A. Kırgöz: Politik tehdit, hükümet baskısı, yalan, rüşvet ve cinayetler sıradan uygulanan baskılardır. Bütün bunlar biyoteknoloji endüstrisinin denetimsizleştirilmesini sağlamaktadır. Denetimsizlik kuralından başka denklik doktrini de uygulandı. Baba Bush 1986'da başkan yardımcısı Quayle ile birlikte Monsanto ve 5–6 büyük GDO şirketlerine özgürlük ve teşvikler tanıdı. Başkan 1992'de GDO'lu gıdaların diğer sıradan bitkilerle (mısır, soya, pirinç, pamuk) özde denk olduğunu bildirdi. GDO'lu bitkilerin sıradan gıdalarla denk sayılması niteliksel tahrifatı inkâr etmek demekti. Ciddi bilim adamlarının belirttiği gibi bu denklik tamamen sahte bilimseldi. Bu denklik doktrini esasen zehir ve biyokimyasal testlerin yapılmaması için bir bahaneydi. Denetleyici kurumlar GDO'lu şirketlerle işbirliği oluşturmuştu. Karşı çıkan bilim adamları işlerinden kovuldu. GDO konusunda şu kural geçerlidir: “SORU SORMA BİRŞEY SÖYLEME.”
Adem Birinci: GDO'lu tohumlar biyolojik silah olarak kullanılabilir mi?

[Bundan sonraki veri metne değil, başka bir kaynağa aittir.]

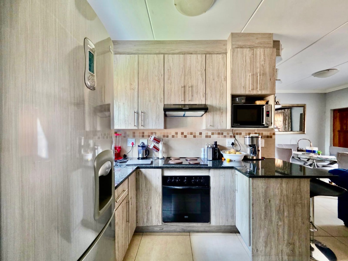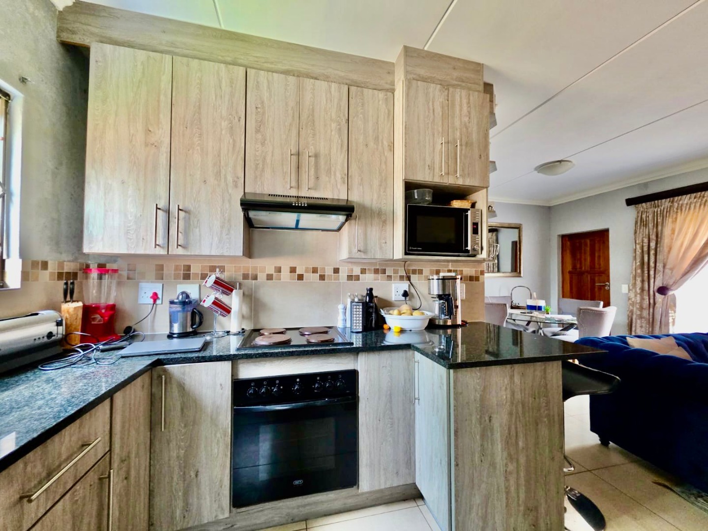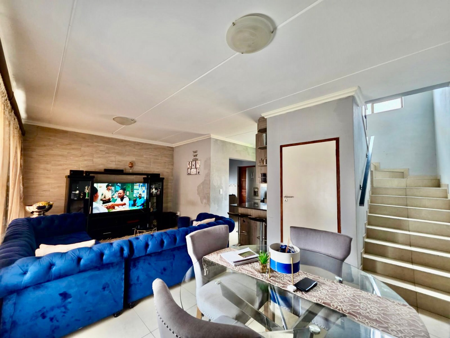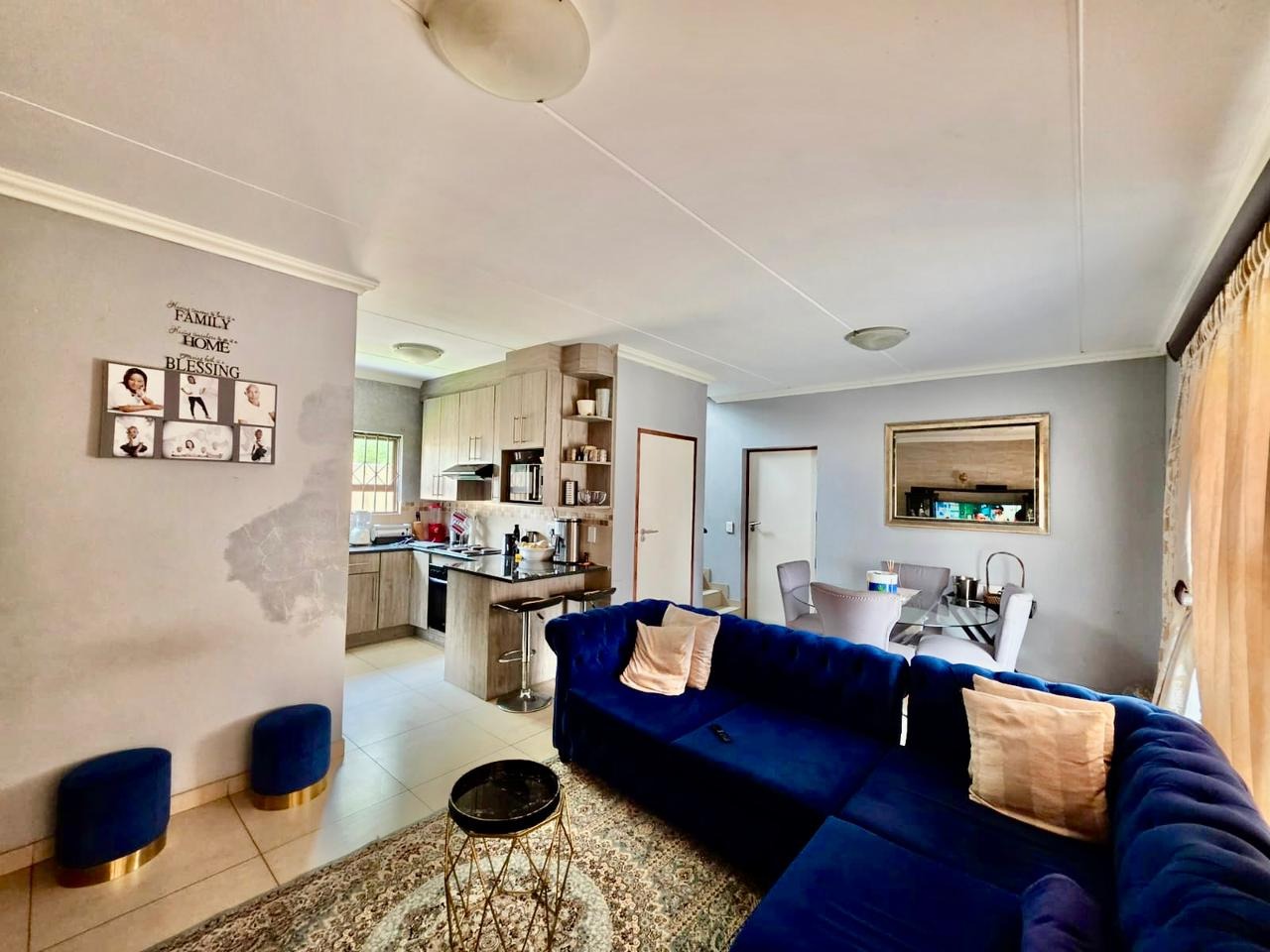 This distinguished two-story residence, ideally situated in the desirable suburban enclave of Montana, Pretoria, presents an exceptional opportunity for discerning buyers seeking a harmonious blend of comfort and contemporary living. The property’s exterior, characterized by a peach/beige finish and classic terracotta roof tiles, offers a welcoming aesthetic, complemented by modern window frames and a double garage with dark brown doors, accessible via a paved driveway. Upon entry, residents are greeted by an expansive open-plan living environment, meticulously designed to facilitate seamless interaction between the lounge, dining area, and a contemporary kitchen. The kitchen stands as a focal point, featuring elegant light wood-grain cabinetry, dark granite countertops, and a stylish tiled backsplash. It is comprehensively equipped with stainless steel appliances, including an integrated oven, hob, and extractor fan, alongside a built-in microwave. A functional breakfast bar extends from the main counter, providing an informal dining option, while a dedicated dining area accommodates a glass table, perfect for formal gatherings. The living space is further enhanced by a vibrant blue sectional sofa and a tiled feature wall, creating an inviting atmosphere. The residence offers three generously proportioned bedrooms, ensuring ample private accommodation. The master suite benefits from a luxurious en-suite bathroom, providing a private sanctuary. An additional well-appointed bathroom serves the remaining bedrooms, and a convenient guest toilet is located on the ground floor, catering to both residents and visitors. The property's floor plan, spanning 137.00 square meters, is thoughtfully laid out to maximize space and functionality, with tiled flooring extending throughout the main living areas. Exterior amenities include a double garage and a paved driveway, providing secure parking for multiple vehicles. The presence of a garden enhances the outdoor appeal, offering a private space for relaxation or recreation. Situated within a security complex, the property benefits from enhanced safety measures, including an access gate, contributing to a secure and tranquil living environment. Montana, a prominent metropolitan suburb in Pretoria, South Africa, offers a desirable lifestyle characterized by its accessibility to essential amenities, reputable educational institutions, and various retail and recreational facilities. This location ensures convenience without compromising on the suburban tranquility. Key Features of this Residence: * Three Bedrooms * Two Bathrooms (One En-suite) * One Guest Toilet * Open-Plan Living, Dining, and Kitchen * Modern Kitchen with Granite Countertops and Stainless Steel Appliances * Double Garage * Paved Driveway * Garden * Located within a Security Complex with Access Gate * 137 sqm Floor Size

A. Kırgöz: Evet kullanılabilir. 1974'de ABD Dışişleri Bakanı ve Başkan Güvenlik Danışmanı Henry Kissenger, 200 sayfalık gizli ilaç ve gıdalarla soykırım raporu hazırlattı. Başta Türkiye olmak üzere 13 ülkeyi sırf nüfusları artıyor bu da ileride o ülkelerin teknolojik, ekonomik, siyasi ve askeri gelişmesine sebep olur. Bu durum ise ABD'nin varlığı için bir tehdit oluşturur. Bu sebeple Türkiye üzerinde ilaç ve gıdalarla soykırım uygulanması isteniyor. Bu gizli SOYKIRIM RAPORU 1995'de Joseph Brewda tarafından açığa çıkartıldı ve Schiller Enstitüsü tarafından duyuruldu. Bu rapor konusunda Kenan Demirkol'un “GDO: ÇAĞDAŞ ESARET” kitabının 25. sayfasında bilgi verilir. Prof. Dr. Kenan Demirkol Türk Tabipler Birliği Gıda Konseyi Başkanıdır. “Geleceğin Savaşı'' adlı bir kitap yazan Robert P. Kadlec GDO'lu ürünlerin biyolojik harpteki gücünü tartışır. ABD Hava Kuvvetleri (USAF) hava doktrin, araştırma ve eğitim kolejinden olan yazar 1990 yılında yazdığı kitabında şöyle diyor: ‘'Diğer kitle imha silahlarıyla kıyaslandığında biyolojik silahlar ucuzdur. Teknoloji ofisinin yaptığı son değerlendirmede bir biyolojik harp cephaneliğinin maliyetinin 10 milyon dolara kadar düşebileceğini rapor etmiştir. Tek bir nükleer silahın geliştirilmesinin 200 milyon dolar olduğu göz önüne alınırsa bu çok düşük bir rakamdır. Yarbay Kadlec sözlerine şöyle devam ediyor: ‘'Biyolojik silahları bir salgın ya da doğal olarak ortaya çıkan bir hastalık kisvesi altında kullanmak saldırgana saldırısını inkâr etme fırsatını verir. Bu bağlamda biyolojik silahlar nükleer silahlardan daha fazla imkân sunmaktadır.”